Lisa Chen, a 23-year-old student, says her stomach went "on strike" recently. She doesn't feel like lifting her chopsticks, not even for her favorite fried chicken wings. It happens every summer.

"Whenever the weather gets hot, I started to lose my appetite, and sometimes tire easily," says Chen. "I don't push myself to eat when I have no appetite. My mom says it's no big deal, just zhu xia, which she suffered from for a couple of years.

She's glad to lose weight in the easy, no-will power way, but TCM doctors warn that irregular eating habits undermine the digestion and aggravate existing problems. Lack of nourishment can cause dizziness and fatigue.

Zhu xia is common in warm weather, especially in southern China that has a hot and damp climate, says Dr Zhang Zhenxian, chief physician of the Special Needs Department of Yueyang Hospital.

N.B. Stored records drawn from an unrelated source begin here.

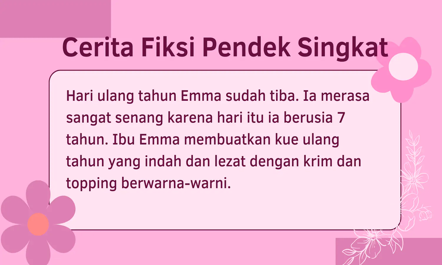 Hari ulang tahun Emma sudah tiba. Ia merasa sangat senang karena hari itu ia berusia 7 tahun. Ibu Emma membuatkan kue ulang tahun yang indah dan lezat dengan krim dan topping berwarna-warni.
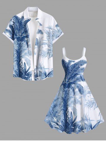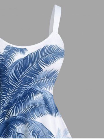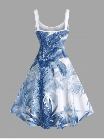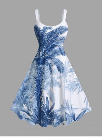 Plus Size Coconut Tree Tropical Plant Print Hawaii A Line Tank Dress - Blue - 2x
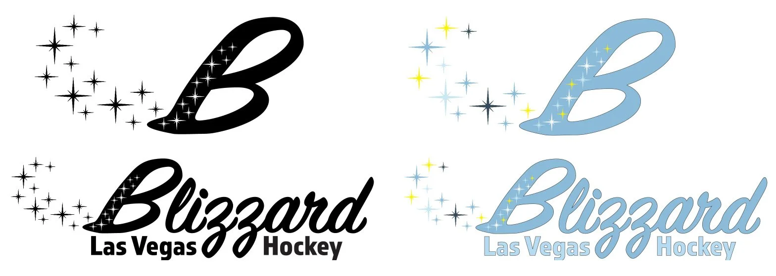 The placement of “Las Vegas,” if alone, unbalanced the logo. It was moved to the top right over Blizzard and nestled in to fit below the height of the ‘B.’ “Hockey” remains in the same space, if needed.
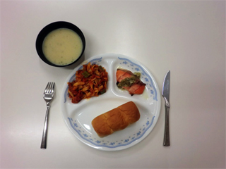 今日の給食は月に一度の楽しみ、ボネールのシェフ考案スペシャル洋食料理でした。
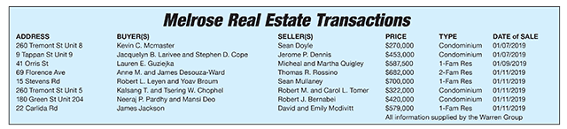 Melrose Real Estate Transactions published February 1, 2019
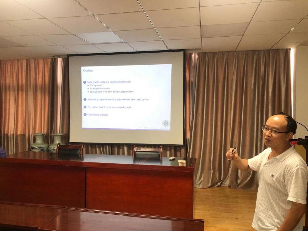 2021年7月12日,华中师范大学胡智全教授和李书超教授应邀来访我院,并在学院201报告厅分别作了题为《Spanning trees with given number of leaves in agraph》和题为《On split graphs with three or four distinct (normalized) Laplacian eigenvalues》的学术报告。

"Summer sickness is more likely to affect vulnerable people, especially the elderly and children," he says. The most common symptom is loss of appetite; some people feel dizzy, weak, get headaches and feel chest pains. Women are more likely to suffer than men.

Summer sickness does not manifest itself with particular organ problems. It just comes in summer, disappears in fall and may recur in the next summer.

Generally speaking, the main cause is pathogenic heat and damp, which are strong in summer. These pathogenic energies easily "invade" weak people who feel ill when their body cannot adjust to the new hot and damp internal environment.

The spleen and stomach are usually the first to be attacked. Iced or cold drinks aggravate the problem, though they make people feel cool temporarily.

"Sweating is the major way for the human body to dispel internal heat," says Zhang.

"Iced drinks prevent people from sweating, usually leading to accumulation of pathogenic internal heat. "Foods that are 'cold' and reinforce yin energy are not cold in temperature, and are recommended for summer sickness."